Amorphous State

Amorphous State

 

a solid state of matter with two characteristics: (1) the properties of a substance in the amorphous state—mechanical, thermal, electrical, and so forth—are ordinarily independent of the direction of measurement in the substance (isotropy) and (2) with increased temperature, the substance softens and enters the liquid state only gradually. (In other words, there is no definite melting point in the amorphous state.)

These characteristics result from the absence of long-range order in the amorphous state. Such long-range order is present in crystals, which exhibit strict periodicity in all directions of one and the same structural element—atom, atom group, molecule, and so forth—through hundreds and thousands of periods. At the same time, matter in the amorphous state possesses short-range order—that is, regularity in the position of neighboring particles (the order observed at distances comparable to the molecular dimensions). With distance this agreement diminishes, and after 0.5–1 nanometer it disappears.

Short-range order is also characteristic of liquids. In the case of liquids, however, there is an intensive exchange of positions between neighboring particles; this exchange is retarded with increase in viscosity. For this reason, on the one hand, a solid body in the amorphous state can be regarded as a supercooled liquid with a very high coefficient of viscosity, and on the other hand, the concept of the amorphous state embraces that of the liquid.

Isotropy of properties is also characteristic of the poly-crystal state; this, however, is characterized by a strictly defined fusion temperature, and it is this fact which justifies separating it from the amorphous state. The structural difference between the amorphous and the crystal states is readily detectable on X-ray diagrams. Monochromatic X-rays scattered on crystals form a diffraction picture consisting of distinct lines or spots; this is not characteristic of the amorphous state.

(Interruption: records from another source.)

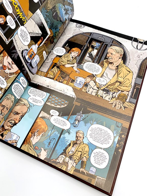 Die immense Mühe, die Rodríguez in seine Arbeiten gesteckt hat, werden im zweiten Teil des 108 Seiten starken Hardcovers mit teilspotlackiertem Cover sichtbar. Hier findet sich die gesamte Graphic Novel noch einmal in ihrer Rohform, als blaue Bleistiftzeichnungen ohne Text. Für manch einen mag das wirken, als wollte man den band mit mehr Umfang einfach nur teurer machen, aber wenn ich ehrlich bin haben mich die Bleistiftzeichnungen dazu verleitet, sie mit den endgültigen Arbeiten zu vergleichen, wodurch mir noch einige Änderungen aufgefallen sind, abgesehen davon, dass die Bleistiftoriginale mit noch einmal wesentlich mehr Details aufwarten können. Zudem wurde der Band noch mit einem sechsseitigen Gespräch zwischen Adams und Rodríguez ausgestattet, der einen informativen Blick in die Entstehung ermöglicht.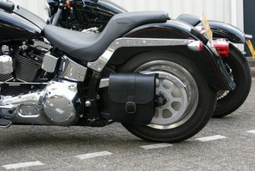 Kleine leren motortas voorSoftail. Voor wie toch het een en ander mee wil nemen op de motor.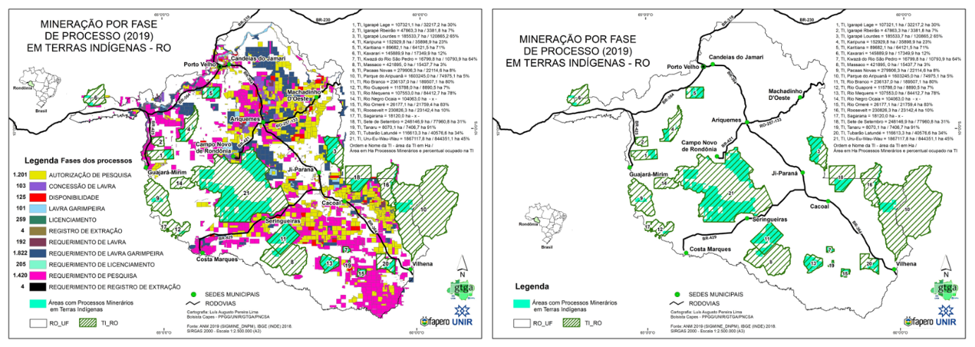 Durante a programação do evento, o professor doutor Ricardo Gilson da Costa Silva, coordenador do Grupo Gestão do Território e Geografia Agrária da Amazônia (GTGA), apresentou os resultados parciais do estudo “Cartografia da Mineração em Terras Indígenas de Rondônia”, bem como mapas e dados preliminares dos impactos territoriais da proposta de mineração em áreas indígenas.
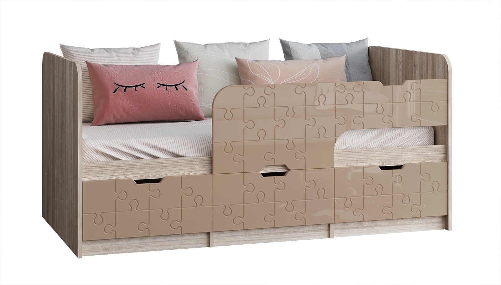 Кровать детская "Юниор-9" 0,8*1,8 м - Латте глянец / Ясень шимо светлый (правый)
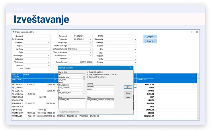 Filtriranje, sortiranje i sumiranje podataka prema zadatim atributima i po vremenskim okvirima.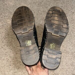 L'Artiste Spring Step Fallinluv Leather Lace-Up Boots Metallic Black 36 / 5.5-6. This laced-up look is aptly named Fallinluv - and you'll be instantly head-over-heels. Combining vintage vibes w/ beautiful artistry, this creative cure for the common boot is a mixed-media masterpiece. It's distinctively detailed w/ floral & butterfly embossing on the fold-over cuff, coordinating multi-metallic accents, and stylish rainbow stitching. Comfort is key w/ a well-cushioned footbed & velvety soft lining (w/ a peacock feather print). These boots will inspire plenty of pairings (think distressed denim or a boho dress). Great pre-owned condition. No stains/flaws. Smoke/pet free home. Offers welcome. Bundle & save. Ship same/next day. Packaged w/ care.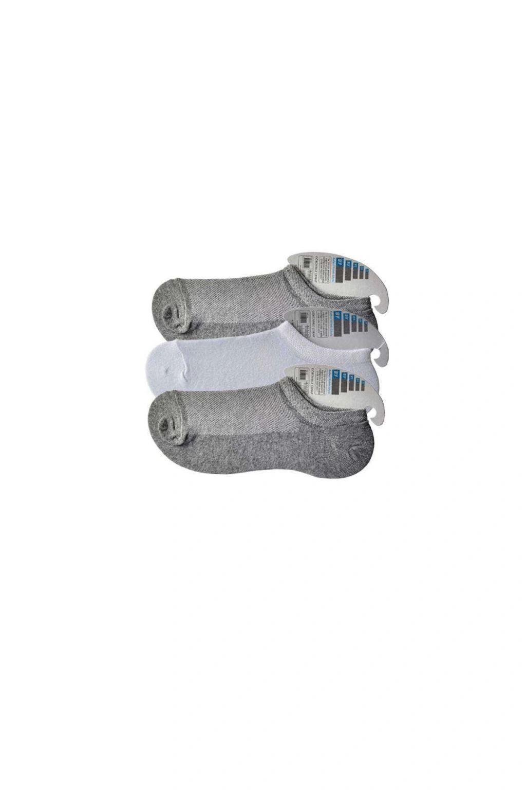 Gri Ve Beyaz Erkek Görünmez Çorap 3 Çift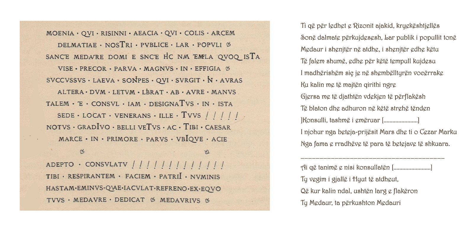 a. Antroponimia romake e zbërthen siglën M. vetëm me Marcus. Në pjesën e parë të mbishkrimit, kur konsulli ishte i emëruar por ende nuk e kishte nisur detyrën (consuli iam designatus), ai i përmbahet rregullit. Por në të dytën kur e kishte nisur detyrën (adepto consulatu) dhe si i parë i provincës nuk druhej më nga kush, ai e çkodon atë ndryshe. Vargu i fundit “ty Medaur, ta përkushton Medauri”, tregon se M.-ja fshihte emrin Medaur, si emrin e hyut.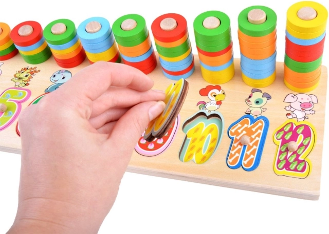 Das Aufstecken der Ringe auf die Stifte und das Einsetzen der Ziffern trainiert Feinmotorik, Hand-Auge-Koordination und Aufmerksamkeit.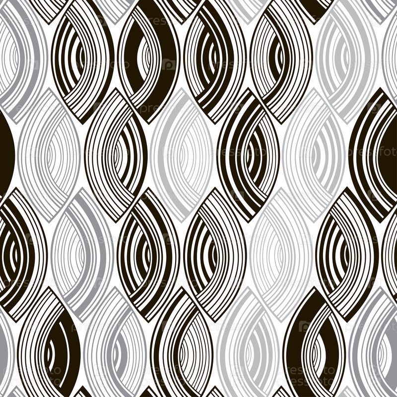 Бесшовный монохромный рисунок с полосатыми абстрактными листьями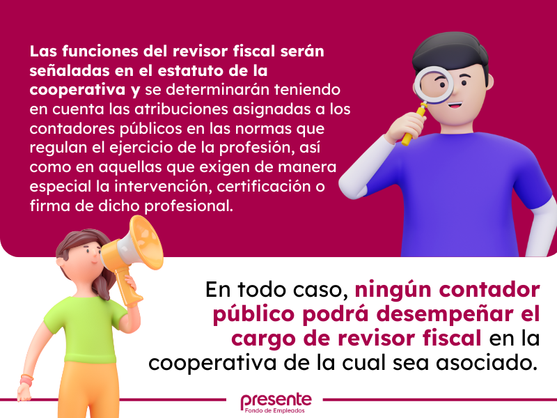 Por regla general la cooperativa tendrá un revisor fiscal con su respectivo suplente, quienes deberán ser contadores públicos con matrícula vigente. Podrán estar eximidos de elegir revisor fiscal aquellas cooperativas que a 31 de diciembre de cada año tengan activos inferiores a 300 SMMLV.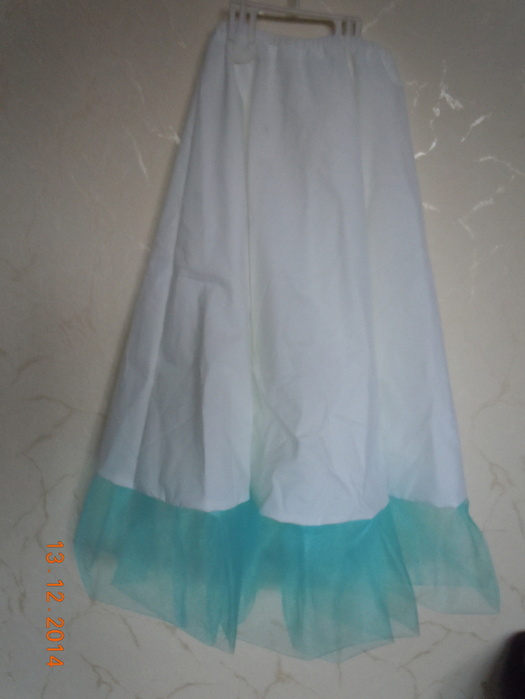 Платье на рост 110, выкройку верха взяла из Отто -это выкройка лонгслива на 92р-р, которая по объемам совпадает с объемами девочки. Верх- ажурный трикотаж и блестящий трикотаж. Юбка - атлас, по низу просто ролевым швом обработала. Потайную молнию вшивала первый раз - есть немного перекос, но пороть не стала, побоялась запороть белый трикотаж. Платье уже одевали на утренник, дети Эльзу узнали - значит костюм получился)))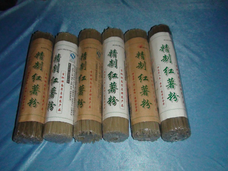 紅薯粉條,灰色、黃色,有寬有細,營養豐富,和紅薯一樣,是抗癌食品。適于熬、炒和涼拌。
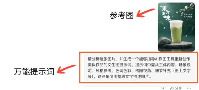 2、豆包会分析图片后给出用于图生图的提示词,拿到提示词后可以自行替换关键元素,以定制自己的内容
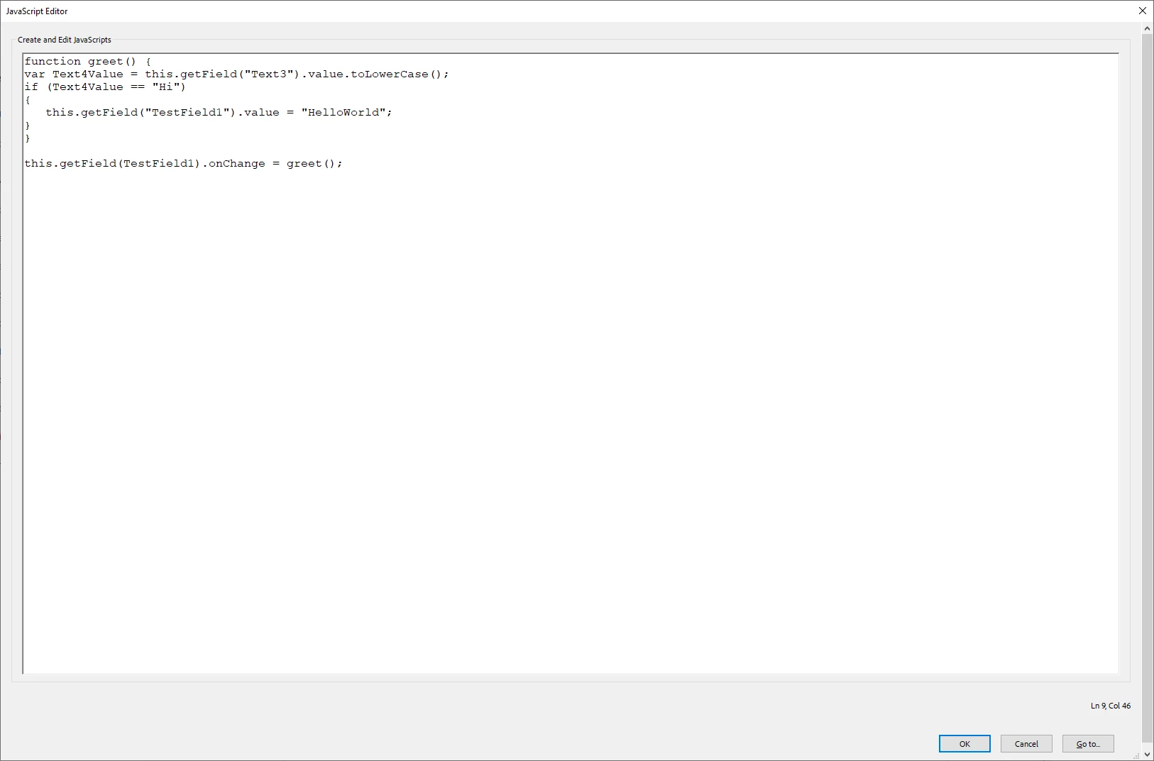 I'm trying to make a piece of javascript code that can read what's on the text field, and then auto complete to a much longer sentence.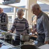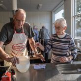 De arbejder da også på at finde et par nye friske folk, der kan løfte opgaven efter dem. Ida har været tovholder på holdet i 15 år, mens Emmy har været med i 13 år, og et par af gutterne på dagens hold har faktisk været med fra dag ét. Men ellers er der løbende udskiftning hen over årene, så alt i alt er det en stor flok lokale mænd på Give-egnen, der har nydt godt af Idas og Emmys pædagogiske evner indenfor formidling af madlavning for friske herrer, hvor de to ældste deltagere er henholdsvis 96 og 91 år.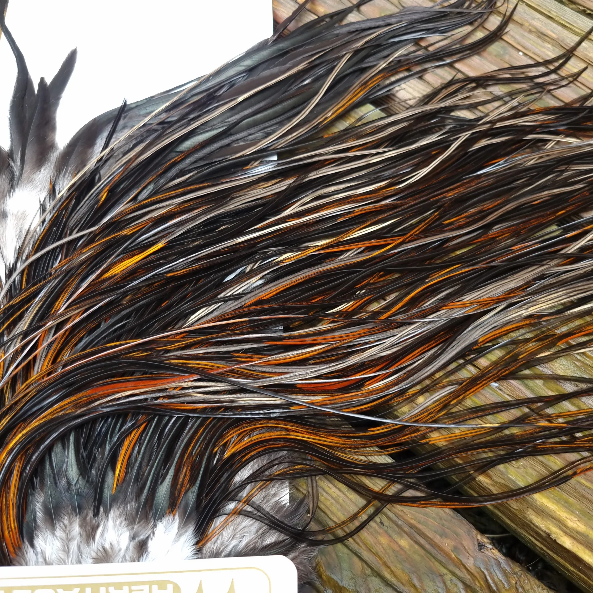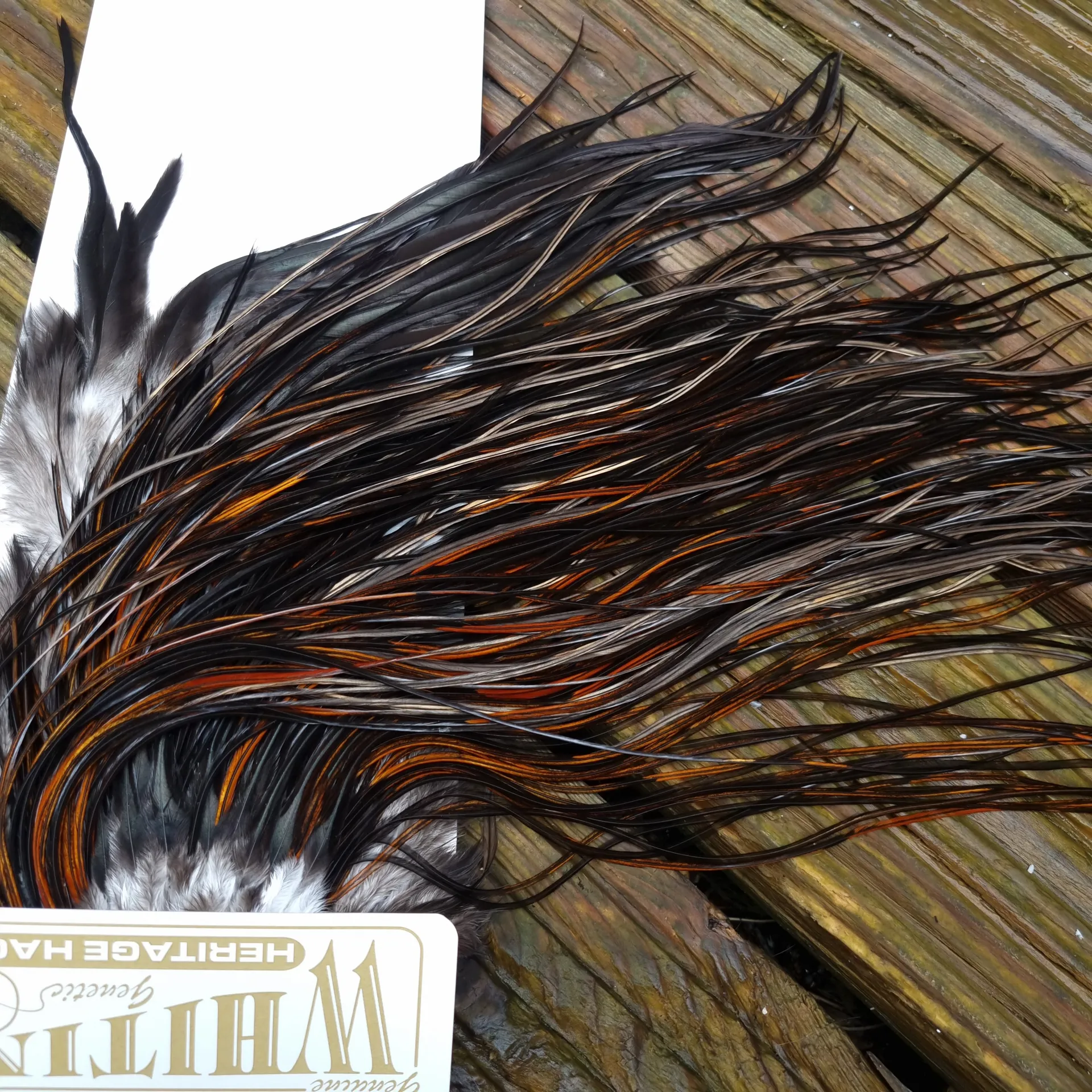 The Whiting Heritage Hackle Saddles are the colours of yesteryear from the days of Ted Hebert and Andy Miner and then the quality has been improved by Dr.Tom Whiting with his selective breeding program. The Heritage hackle is all about the most sought after hard to get colours like Speckled Badger, Speckled Duns and the Champagne range of colours and those very special Unique Variants that you only see once in a while!! Owning a Heritage Hackle Saddle is something to treasure as the colouration on most is unique with each saddle being very special in its own right.Whiting Heritage Hackles Rooster Saddle in Mixed Colours G Coch YBondhu/ Furnace/Dirty Furnace/Very Dark Chestnut/Natural Black Tying Approx 10/12/14, so this is one of those Heritage saddles that came from the Badger Variant Range and as the images show its splashed with a BIG range of Variant Furnace Hackles and plenty of Natural Black and Very Dark Chestnutbut to be honest it’s one of those saddle that the more you look the more unique hackles you will find so take a good look at all the images provided and use your phone to zoom in so you can spot the colour range!! Hackle length is approx. 12-17" (31-43cm) on a densely hackled saddle. Remember this is a buy what you see product range.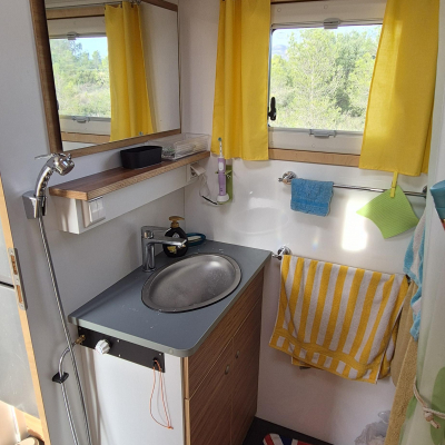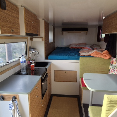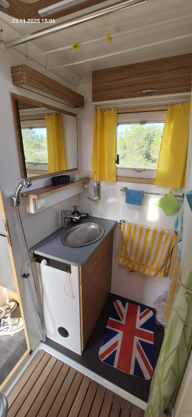 Die Hängeschränke wurden mit einem Zwischenrahmen aus Tischlerplatten mit Sikaflex 292i an die Decke geklebt. In den Zw.rahmen befinden sich mehrere M8 Gewindeinsätze, die Schränke können somit jederzeit abgeschraubt werden. Die Platten für das Bett sind 30 mm dick, wiegen jedoch nur 4 kg/qm. Garnica Ultralight Pappel Sandwich. Die Matratze ist 160 x 200 cm. Links und rechts davon sind dann noch je 8 cm Platz für Ablage und Lichtschalter. Die Soundbar hängt an die Rückwand unter die Decke. Hierfür wurde eine Konsole mit integrierter Beleuchtung gebaut. Die Duschwanne ist Eigenbau. Hierfür wurde eine Positivform aus MDF-Platten gebaut, gespachtelt, geschliffen, gefüllert und lackiert. Danach überlaminiert, geschliffen und lackiert. Der Doppelboden (18 cm lichte Höhe) besteht komplett aus Klappen und lässt sich vom Bett bis zur Eingangstür vollständig öffnen. In einem Abteil sind Wasserpumpe, Druckbehälter, Druckminderer, etc.. In einem anderen wird, gut zugänglich, die Elektrik installiert (außer Akkus und Multiplus, die sind unter der Sitzbank). Die restlichen sind Stauraum. AEG Abzug in der Küche, Abluft nach draußen. | |

The crystal state is the stable solid state of matter at low temperatures. However, depending on the particular properties of the molecules, the time for crystallization may be long; the molecules must first manage to align themselves in crystalline order during the cooling of the matter. This sometimes takes a very long time, with the result that the crystalline state is not realized. In other cases, the amorphous state is reached by accelerating the cooling process. For example, by fusing a quartz crystal and then rapidly cooling the melt, one can obtain amorphous quartz glass. Many silicates behave in the same way, yielding ordinary glass upon cooling. For this reason, the amorphous state is often referred to as the vitreous state. However, in most cases even very rapid cooling does not prevent the formation of crystals, and hence attainment of the amorphous state is impossible for most substances. The amorphous state occurs less frequently in nature than the crystalline state. It is found in opal, obsidian, amber, natural resins, and bitumens.

The amorphous state is not limited to substances consisting of individual atoms and ordinary molecules, such as glass and liquids (low-molecular compounds), but may also be found in substances formed from long-chain macro-molecules—the so-called high-molecular compounds, or polymers. The structure of amorphous polymers is characterized by short-range order in the position of the chains, or segments, of the molecules. This order quickly disappears as the distance of the chains from one another increases. Polymer molecules form clusters, as it were, whose lifetime is very long because of the very high viscosity of polymers and the large diameters of their molecules. For this reason, in many cases clusters remain practically unchanged for indefinite periods.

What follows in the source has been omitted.